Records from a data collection
BEGIN
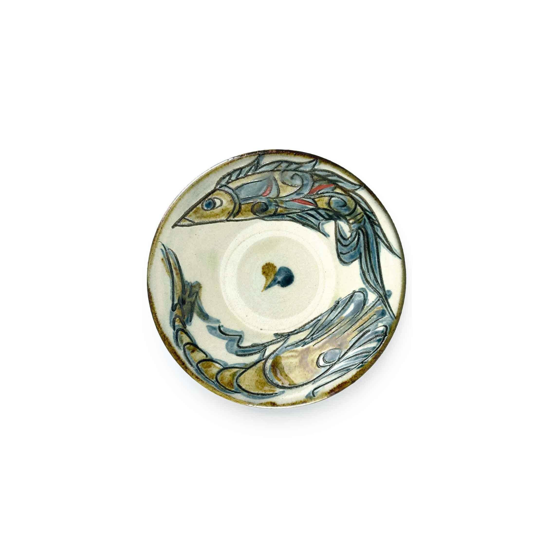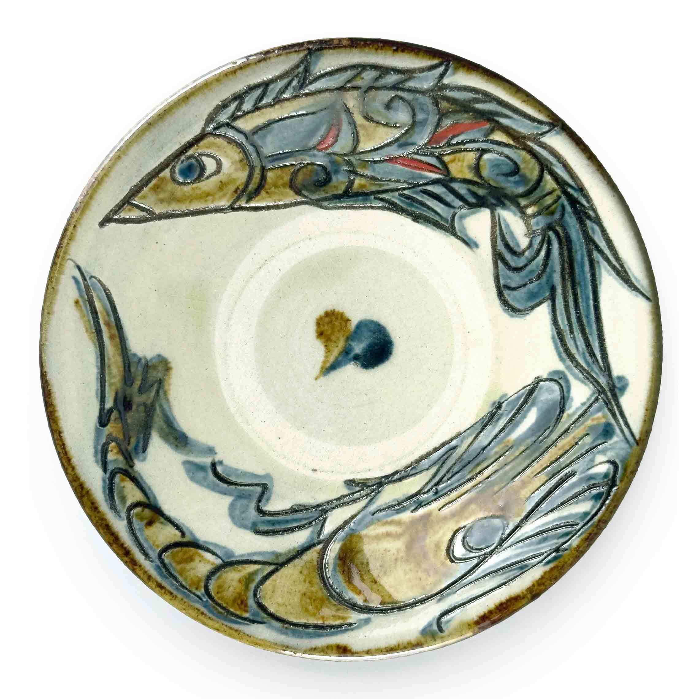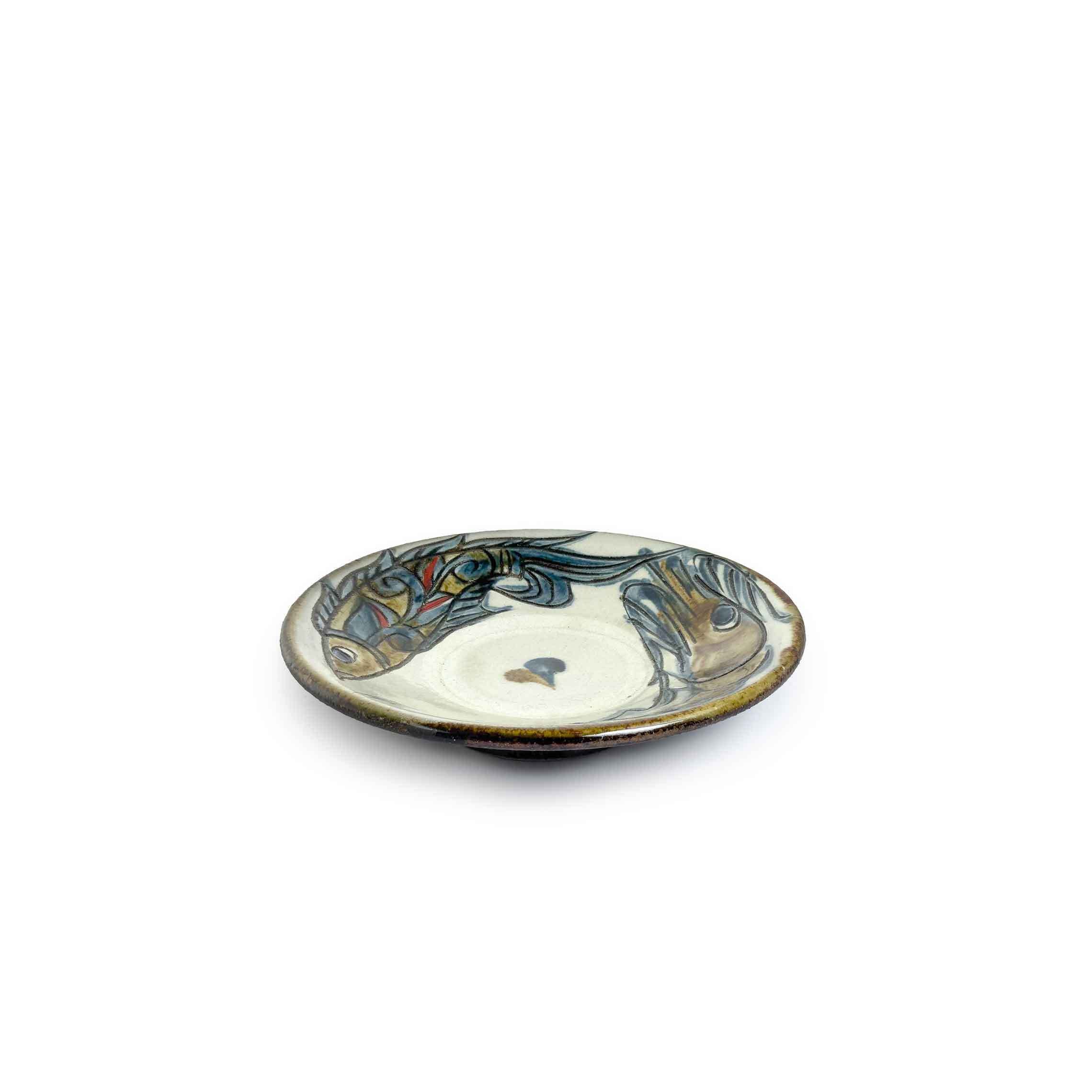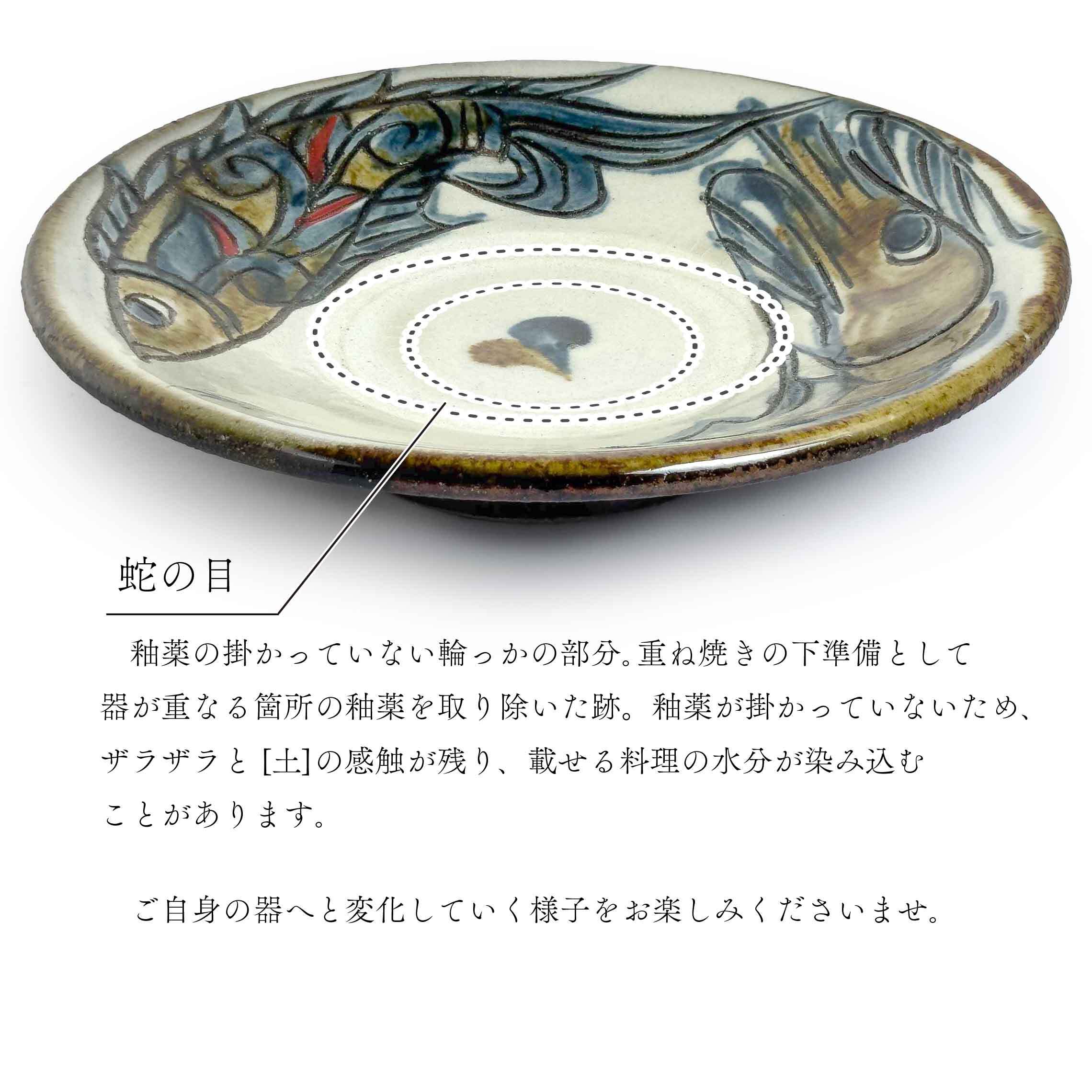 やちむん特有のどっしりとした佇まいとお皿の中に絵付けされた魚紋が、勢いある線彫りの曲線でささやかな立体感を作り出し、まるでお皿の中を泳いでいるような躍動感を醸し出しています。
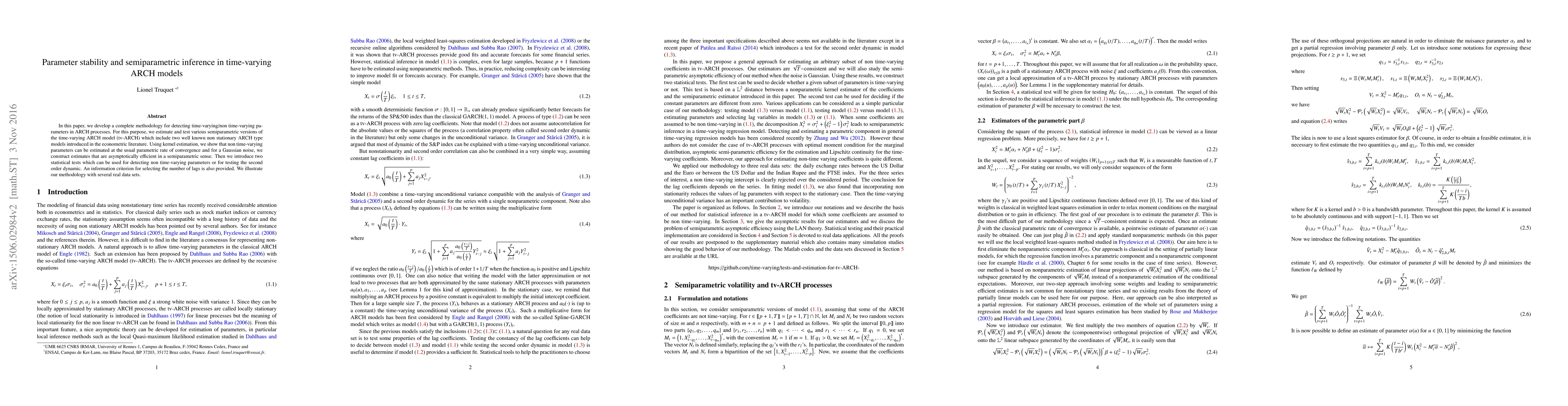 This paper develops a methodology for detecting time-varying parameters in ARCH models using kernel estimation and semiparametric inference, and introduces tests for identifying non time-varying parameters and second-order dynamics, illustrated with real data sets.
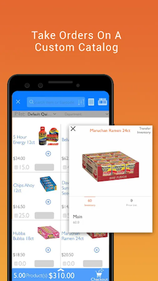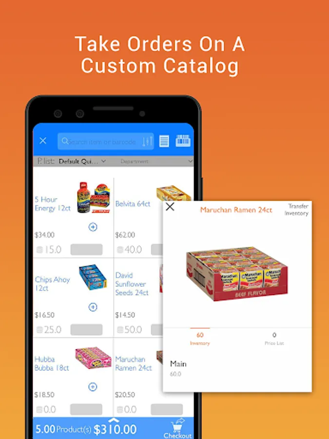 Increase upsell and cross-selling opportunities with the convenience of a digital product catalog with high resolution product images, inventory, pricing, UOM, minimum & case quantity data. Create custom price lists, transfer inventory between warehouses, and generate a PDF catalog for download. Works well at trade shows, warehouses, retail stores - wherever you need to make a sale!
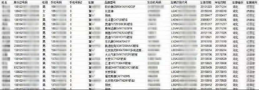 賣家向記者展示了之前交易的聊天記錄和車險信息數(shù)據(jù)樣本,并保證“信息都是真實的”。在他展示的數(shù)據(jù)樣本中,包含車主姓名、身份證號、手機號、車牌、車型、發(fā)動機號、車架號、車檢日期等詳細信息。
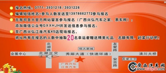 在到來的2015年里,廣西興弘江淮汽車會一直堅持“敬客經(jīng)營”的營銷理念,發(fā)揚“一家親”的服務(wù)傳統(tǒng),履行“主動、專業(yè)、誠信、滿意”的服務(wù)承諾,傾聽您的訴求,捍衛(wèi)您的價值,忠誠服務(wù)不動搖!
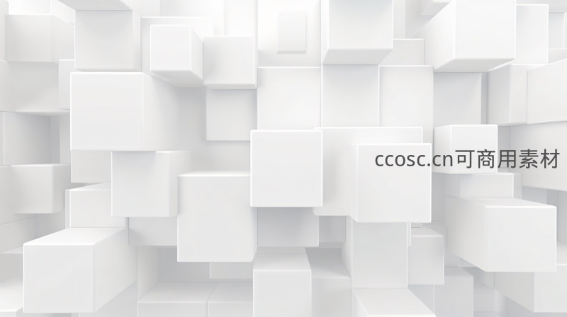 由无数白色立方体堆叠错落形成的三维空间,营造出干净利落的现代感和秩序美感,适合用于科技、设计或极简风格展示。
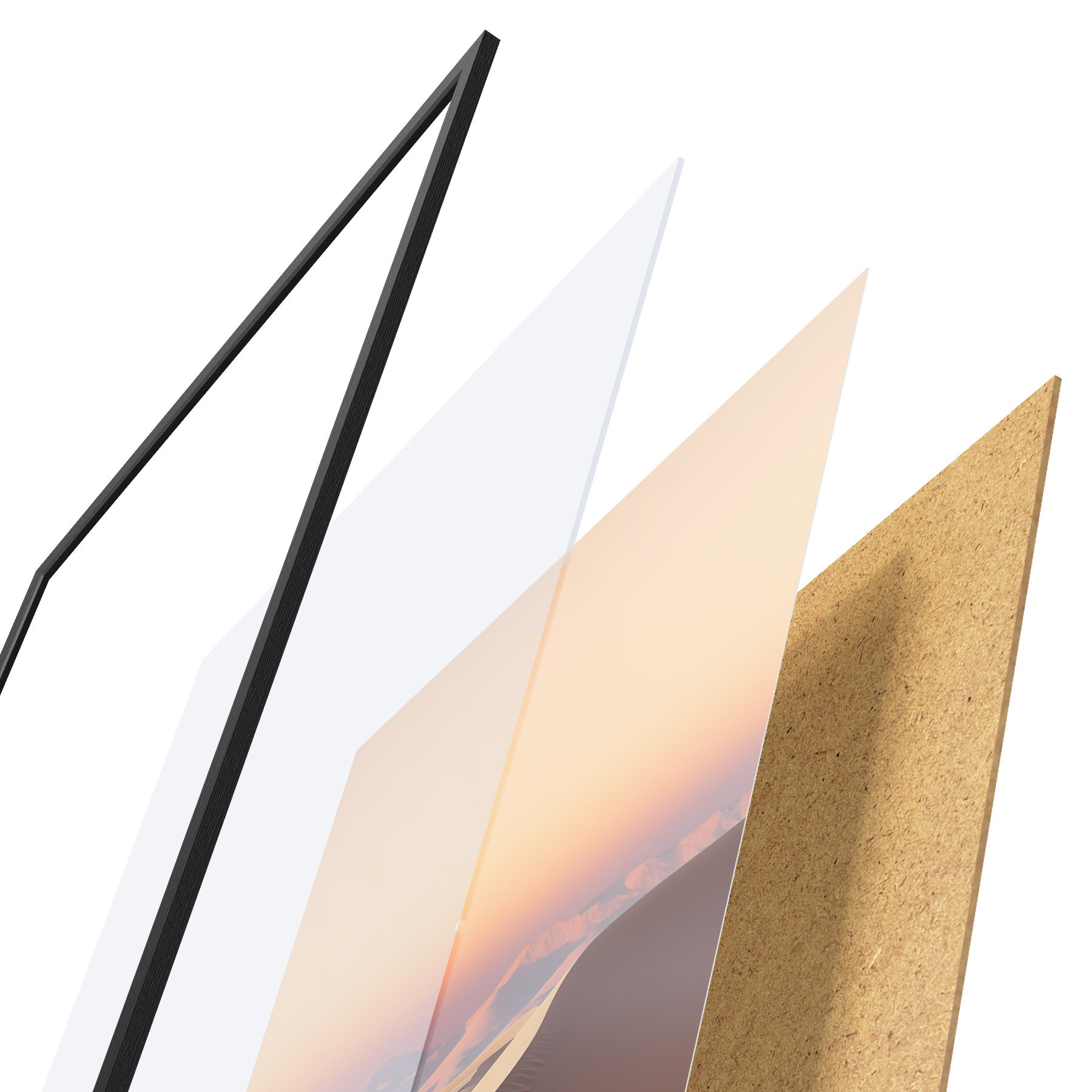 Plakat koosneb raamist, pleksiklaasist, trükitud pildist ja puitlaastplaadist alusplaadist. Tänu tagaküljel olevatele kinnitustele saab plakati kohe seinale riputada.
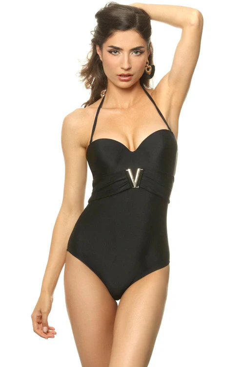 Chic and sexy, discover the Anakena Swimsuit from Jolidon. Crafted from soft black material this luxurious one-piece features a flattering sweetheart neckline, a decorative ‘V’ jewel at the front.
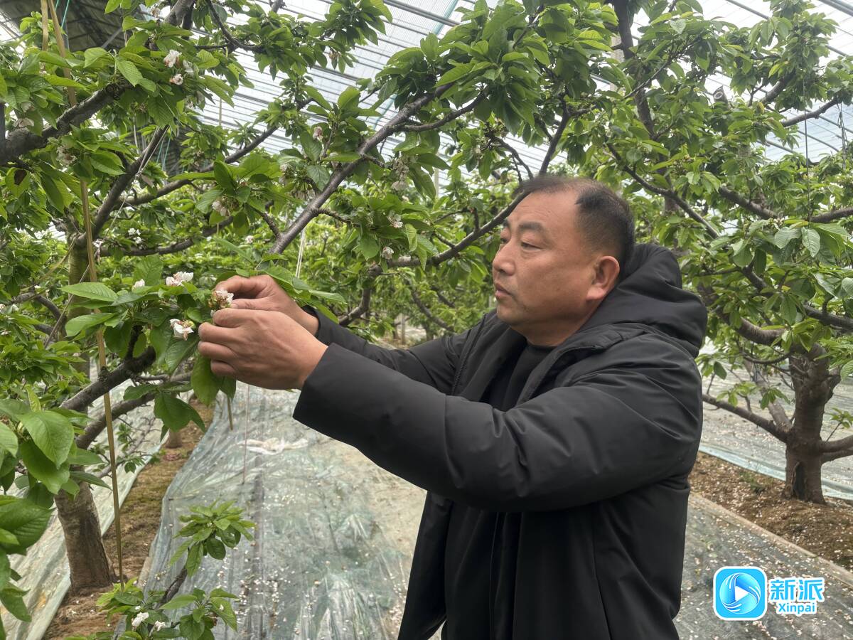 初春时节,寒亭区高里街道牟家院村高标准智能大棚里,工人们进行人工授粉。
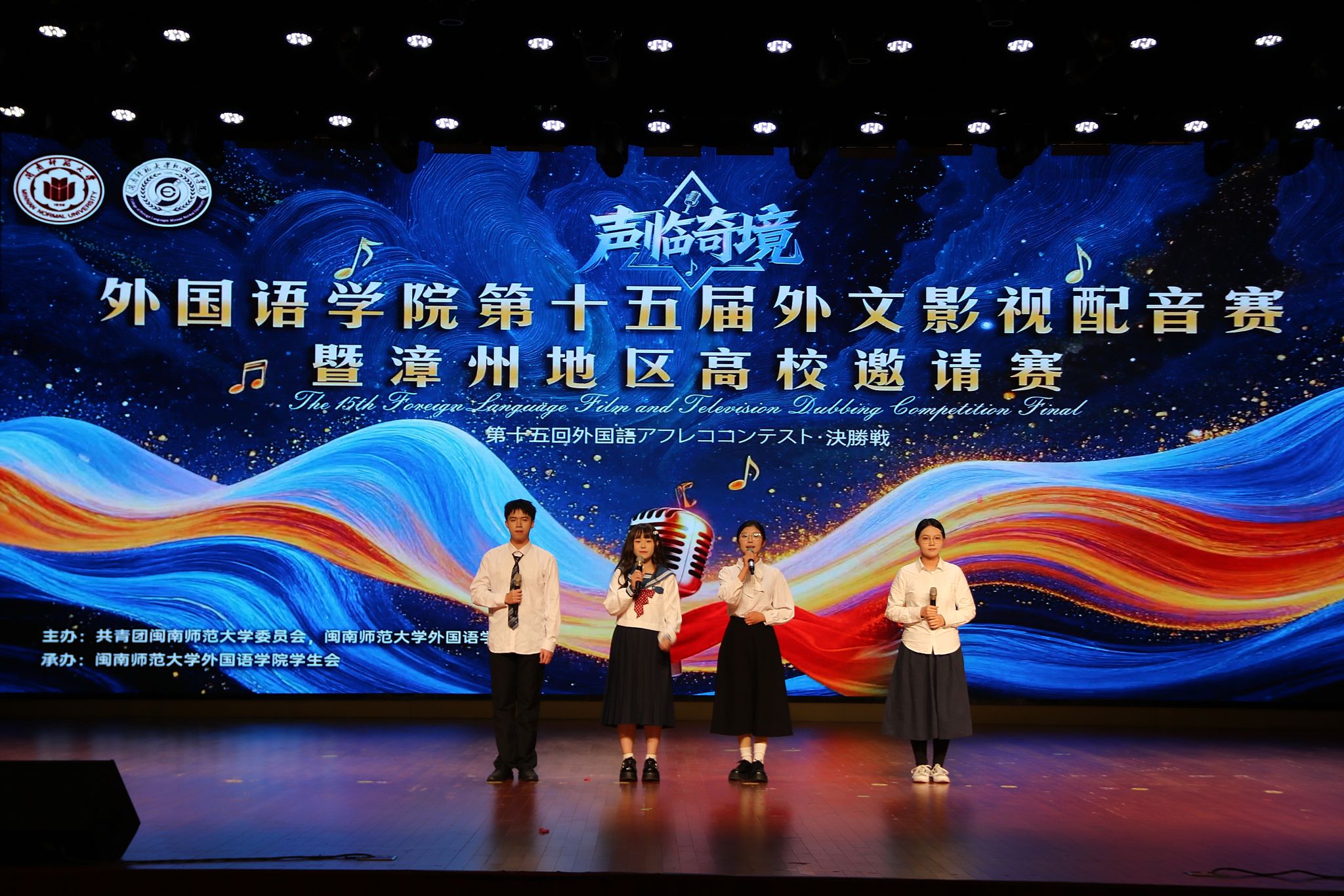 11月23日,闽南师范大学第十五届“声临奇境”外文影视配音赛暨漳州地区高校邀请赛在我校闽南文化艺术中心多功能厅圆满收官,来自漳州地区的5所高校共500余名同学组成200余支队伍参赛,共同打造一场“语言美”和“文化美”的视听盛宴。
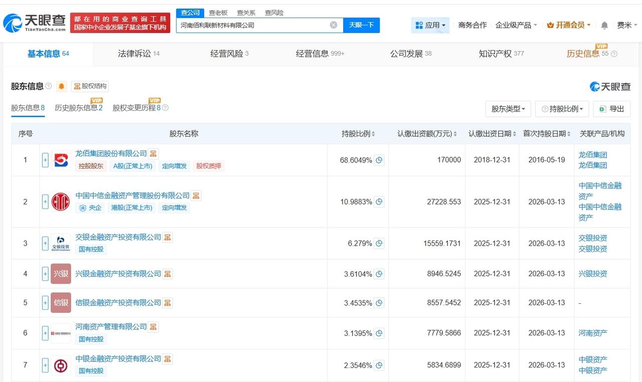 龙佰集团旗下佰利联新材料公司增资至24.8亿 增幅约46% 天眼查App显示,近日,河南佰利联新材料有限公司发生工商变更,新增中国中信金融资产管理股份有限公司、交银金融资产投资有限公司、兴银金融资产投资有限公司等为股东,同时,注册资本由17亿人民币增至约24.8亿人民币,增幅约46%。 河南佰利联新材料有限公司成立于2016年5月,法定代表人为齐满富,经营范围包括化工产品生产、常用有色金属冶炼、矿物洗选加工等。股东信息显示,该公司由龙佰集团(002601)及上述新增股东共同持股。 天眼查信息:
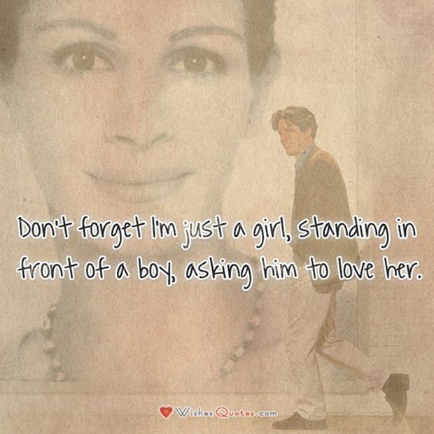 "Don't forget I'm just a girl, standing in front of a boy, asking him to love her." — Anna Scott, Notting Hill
END
● **What you should do**: Beginning at the line above that contains "Plakat koosneb raamist, pleksiklaasist, trükitud" and going on through the line that contains "Chic and sexy, discover", please copy every line exactly, leaving the pictures out and adding nothing.

● **Task solution**:
 Plakat koosneb raamist, pleksiklaasist, trükitud pildist ja puitlaastplaadist alusplaadist. Tänu tagaküljel olevatele kinnitustele saab plakati kohe seinale riputada.
 Chic and sexy, discover the Anakena Swimsuit from Jolidon. Crafted from soft black material this luxurious one-piece features a flattering sweetheart neckline, a decorative ‘V’ jewel at the front.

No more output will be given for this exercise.